Required action: Retype only the lines from the top of the records to the line with "This bundle includes", including that line but none of the pictures.

Recorded information Block Start

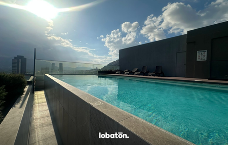 Recámara principal con terraza independiente vista a Chipinque, baño con doble lavabo, amplia regadera y distribución modificada para walk in closet extra amplio.
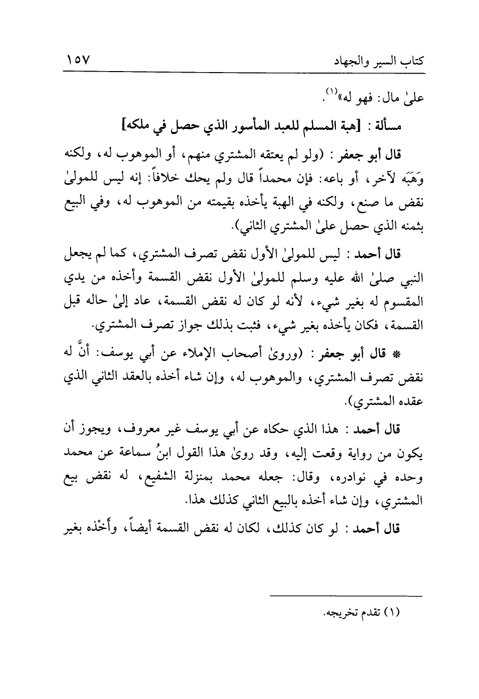 قال أحمد: ليس للمولى الأول نقض تصرف المشتري، كما لم يجعل النبي صلى الله عليه وسلم للمولى الأول نقض القسمة وأخذه من يدي المقسوم له بغير شيء، لأنه لو كان له نقض القسمة، عاد إلى حاله قبل القسمة، فكان يأخذه بغير شيء، فثبت بذلك جواز تصرف المشتري.
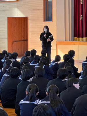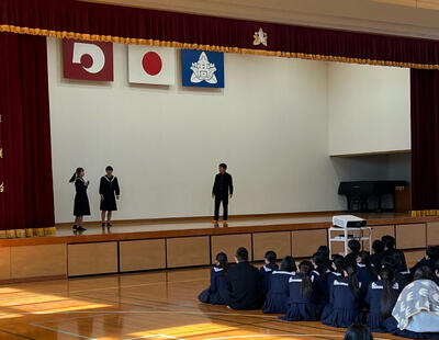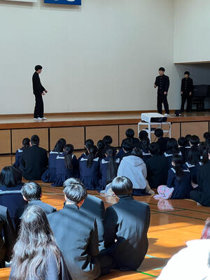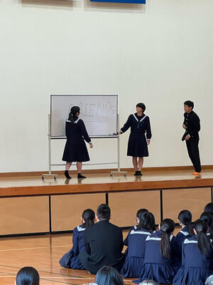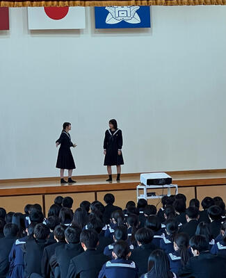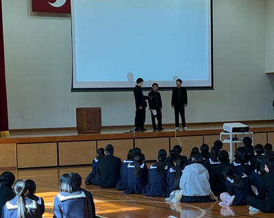1月に行われるスキットコンテスト県大会に向けて各クラスの代表1チームによる発表会が行われました。選考された上位2チームが県大会の出場権を獲得します。
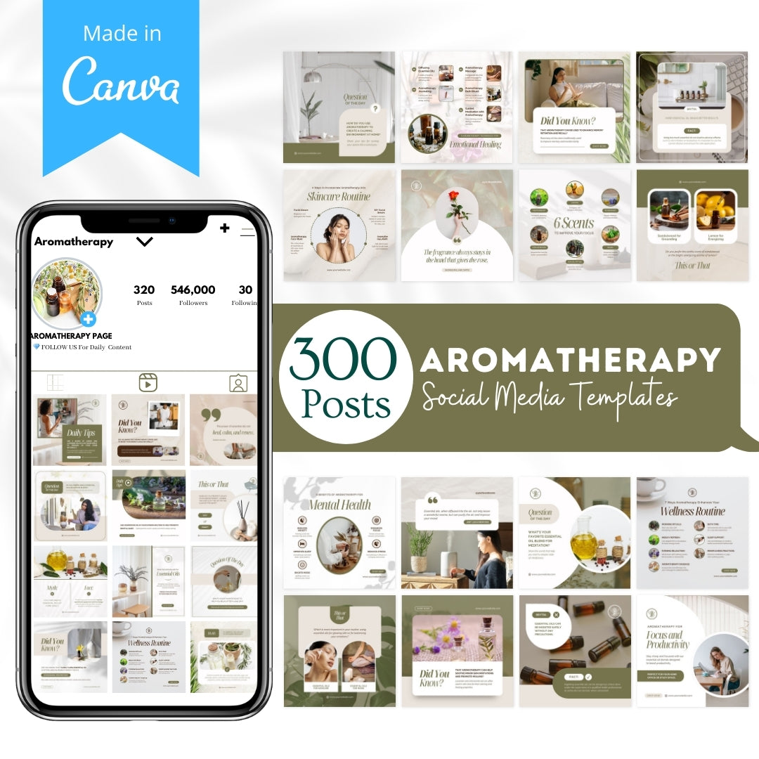 This bundle includes 300 thoughtfully designed Canva templates that will help you create compelling social media content specifically tailored for the aromatherapy industry. Whether you're educating your audience, debunking myths, or running promotions, these templates have everything you need to captivate and inform.
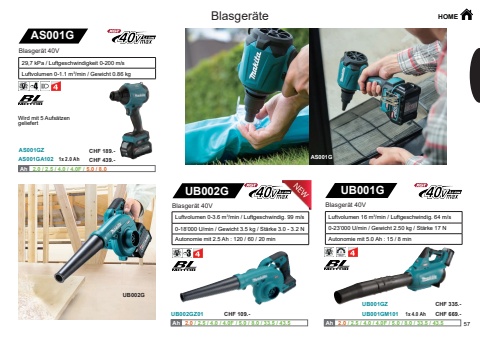 HOME57UB001GZUB001GUB001GM101 1x 4.0 AhUB002GUB002GZ01Ah Ah 2.0 / 2.5 / 4.0 / 4.0F / 5.0 / 8.0 / 33.5 / 43.5 Ah Ah 2.0 / 2.5 / 4.0 / 4.0F / 5.0 / 8.0 / 33.5 / 43.5AS001GAS001GA102AS001GZ1x 2.0 AhAh Ah 2.0 / 2.5 / 4.0 / 4.0F / 5.0 / 8.0AS001GUB002GBlasger%u00e4teLuftvolumen 16 m3/min / Luftgeschwindig. 64 m/s0-23%u2019000 U/min / Gewicht 2.50 kg / St%u00e4rke 17 NAutonomie mit 5.0 Ah : 15 / 8 minBlasger%u00e4t 40VLuftvolumen 0-3.6 m3/min / Luftgeschwindig. 99 m/s0-18%u2019000 U/min / Gewicht 3.5 kg / St%u00e4rke 3.0 - 3.2 NAutonomie mit 2.5 Ah : 120 / 60 / 20 minBlasger%u00e4t 40VWird mit 5 Aufs%u00e4tzen geliefertBlasger%u00e4t 40V29,7 kPa / Luftgeschwindigkeit 0-200 m/s Luftvolumen 0-1.1 m3/min / Gewicht 0.86 kgCHF 335.-CHF 109.- CHF 669.-CHF 439.-CHF 189.-
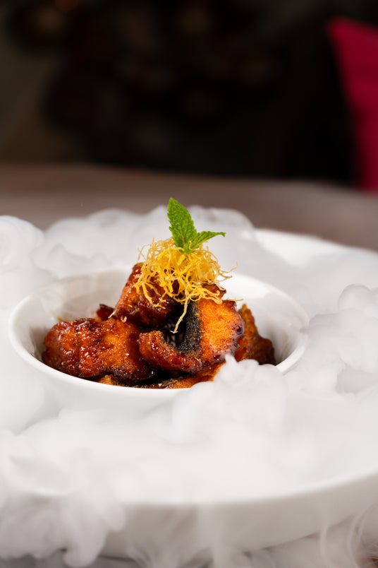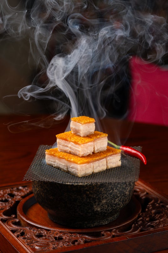 20年以上に渡り、受賞歴のある広東料理レストランで培った豊富な経験を持つホアン氏は、季節の食材をふんだんにつかった新鮮な美味しさが魅力の広東料理を提供しています。広東料理の定番メニューである「豚のクリスピー焼き」は、細心の注意を払いながら火を入れ、洗練された見た目と味わいに なるよう、3度に渡りナイフで余計な脂などを丁寧に取り除きます。カリカリとした食感と豚肉のジューシーな味わいが楽しめる、同レストランのシグネチャー料理です。
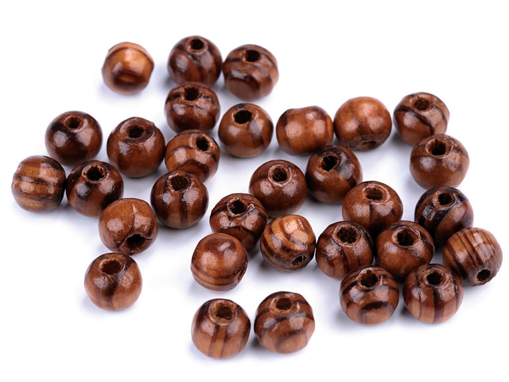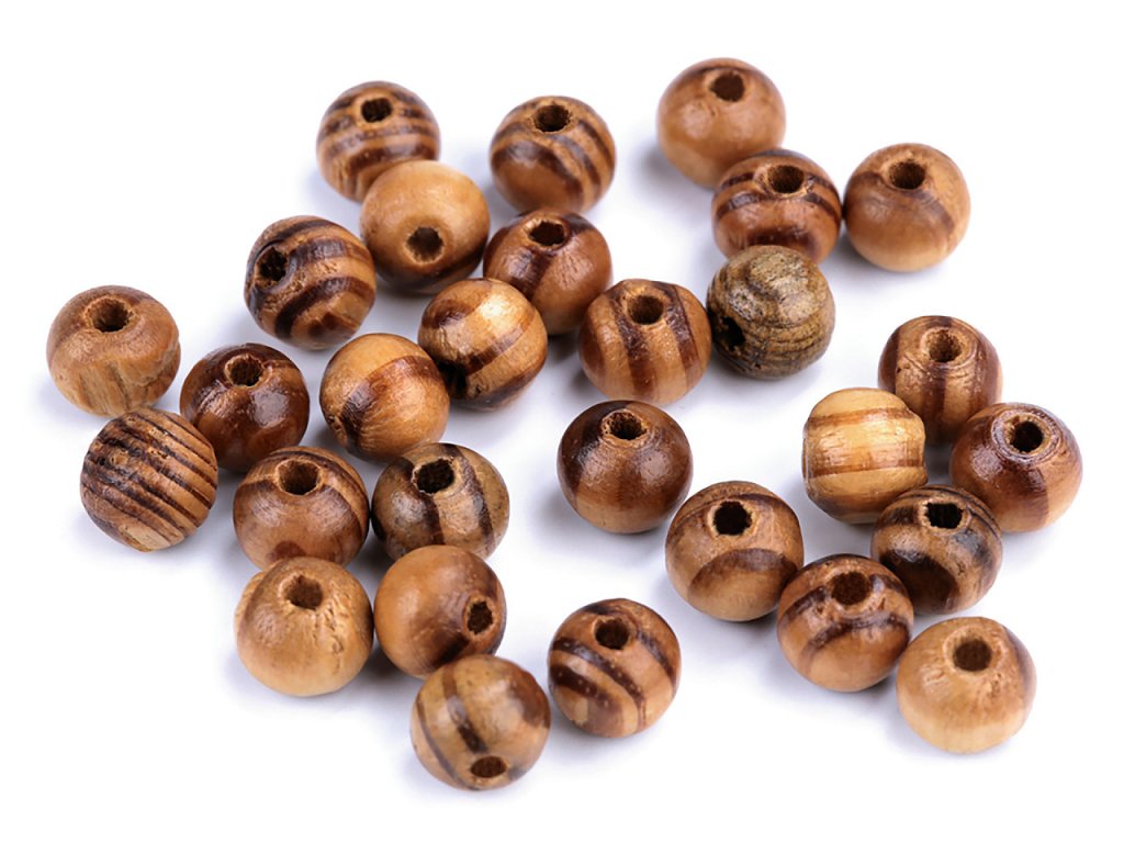 Dřevěné korálky s výraznou kresbou dřeva jsou lakované. Jsou vyrobené z borovice. Hodí se na výrobu náhrdelníků, náramků i náušnic. Jsou využívané na dámské i pánské šperky. Jsou lehké, hodí se i na dozdobení lapačů snů. Kvůli přírodnímu materiálu se mohou korálky mezi sebou barevně lišit. V balení 10 g je cca 70 ks korálků.- Průměr: 8 mm
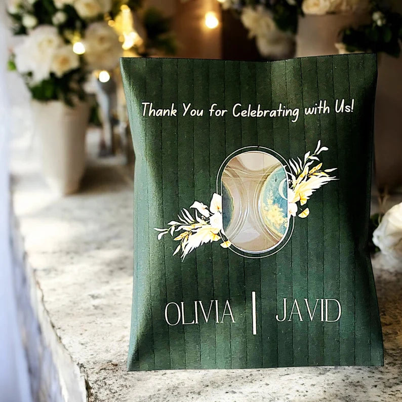 For couples who want a sleek and refined presentation, the Elegant Pouch is a perfect choice. Made from smooth paper, this pouch features a clear window that gives guests a sneak peek at the delightful treats inside. Its minimalist yet sophisticated design makes it an ideal favor for modern or contemporary weddings. You can further personalize the pouch with custom designs, monograms to align with your wedding theme.
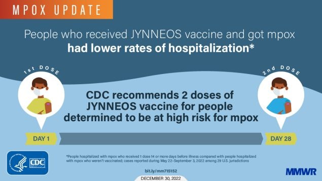The findings in this report are subject to at least four limitations. First, 47% of cases were excluded because of missing vaccination information; therefore, results might not be generalizable to all persons with mpox in the United States. Second, persons with mpox who received vaccine outside of their respective jurisdictions of residence might not have had documentation of vaccine receipt, which could lead to potential undercounting of cases among vaccinated persons (7), although many jurisdictions did report sharing vaccination data with one another (start highlightSarah Gillaniend highlight, District of Columbia Department of Health, personal communication, September 2022). Third, self-reported doses were included to optimize ascertainment of vaccination status, but self-report is less accurate than documented vaccine receipt and could result in misclassification of vaccination status. Finally, clinical data were not available for all cases. In particular, HIV status was unknown or missing for two thirds of vaccinated and more than one half of unvaccinated patients. Because HIV infection might affect the trajectory and illness severity, future studies with additional data for real-world use of JYNNEOS vaccine against clinical outcomes, including data on HIV history, are needed.
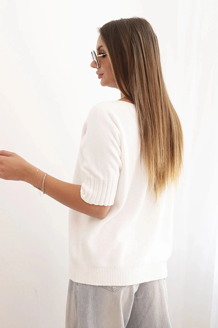 Dámský svetr z viskózy s krátkým rukávem ecru
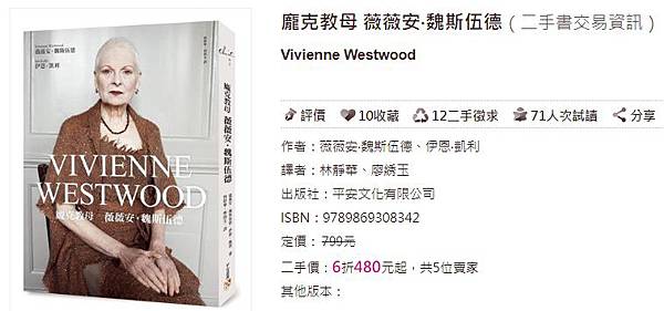 1.《龐克教母 薇薇安‧魏斯伍德》,薇薇安‧魏斯伍德、伊恩‧凱利著,平安文化
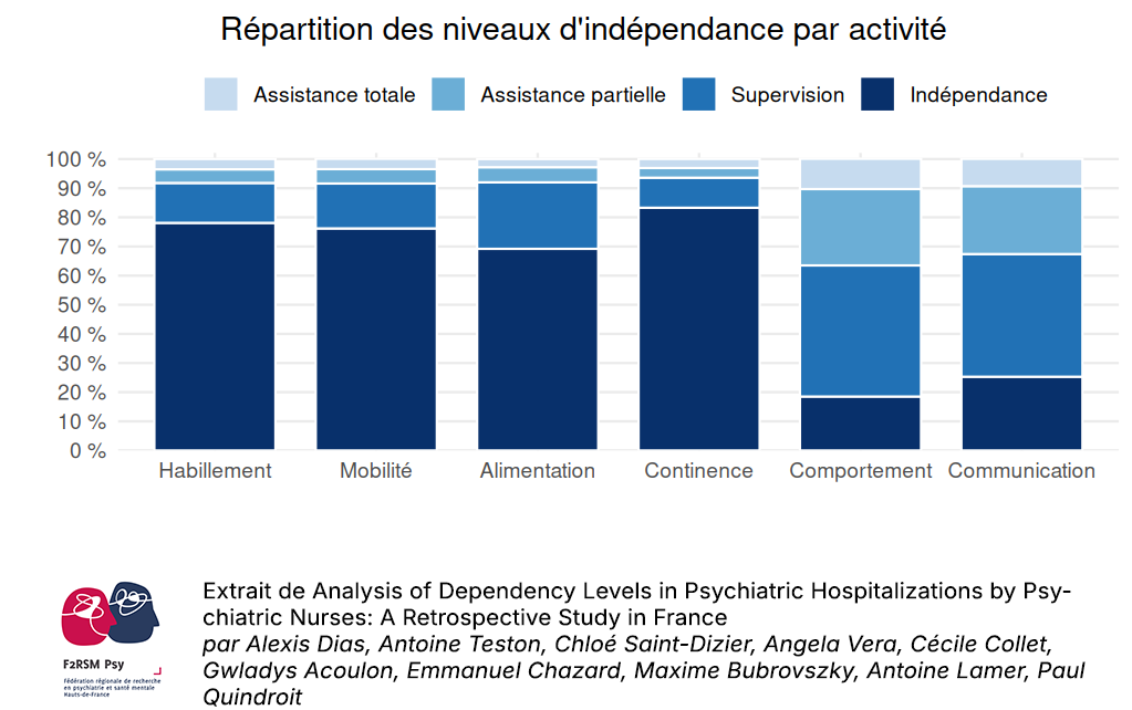 La figure du mois d'octobre 2025 illustre la répartition des niveaux d’indépendance parmi six dimensions de la vie quotidienne évaluées chez les patients adultes en hospitalisation en temps plein en psychiatrie adulte :

Recorded information Block End

Solution to this exercise:
 Recámara principal con terraza independiente vista a Chipinque, baño con doble lavabo, amplia regadera y distribución modificada para walk in closet extra amplio.
 قال أحمد: ليس للمولى الأول نقض تصرف المشتري، كما لم يجعل النبي صلى الله عليه وسلم للمولى الأول نقض القسمة وأخذه من يدي المقسوم له بغير شيء، لأنه لو كان له نقض القسمة، عاد إلى حاله قبل القسمة، فكان يأخذه بغير شيء، فثبت بذلك جواز تصرف المشتري.
1月に行われるスキットコンテスト県大会に向けて各クラスの代表1チームによる発表会が行われました。選考された上位2チームが県大会の出場権を獲得します。
 This bundle includes 300 thoughtfully designed Canva templates that will help you create compelling social media content specifically tailored for the aromatherapy industry. Whether you're educating your audience, debunking myths, or running promotions, these templates have everything you need to captivate and inform.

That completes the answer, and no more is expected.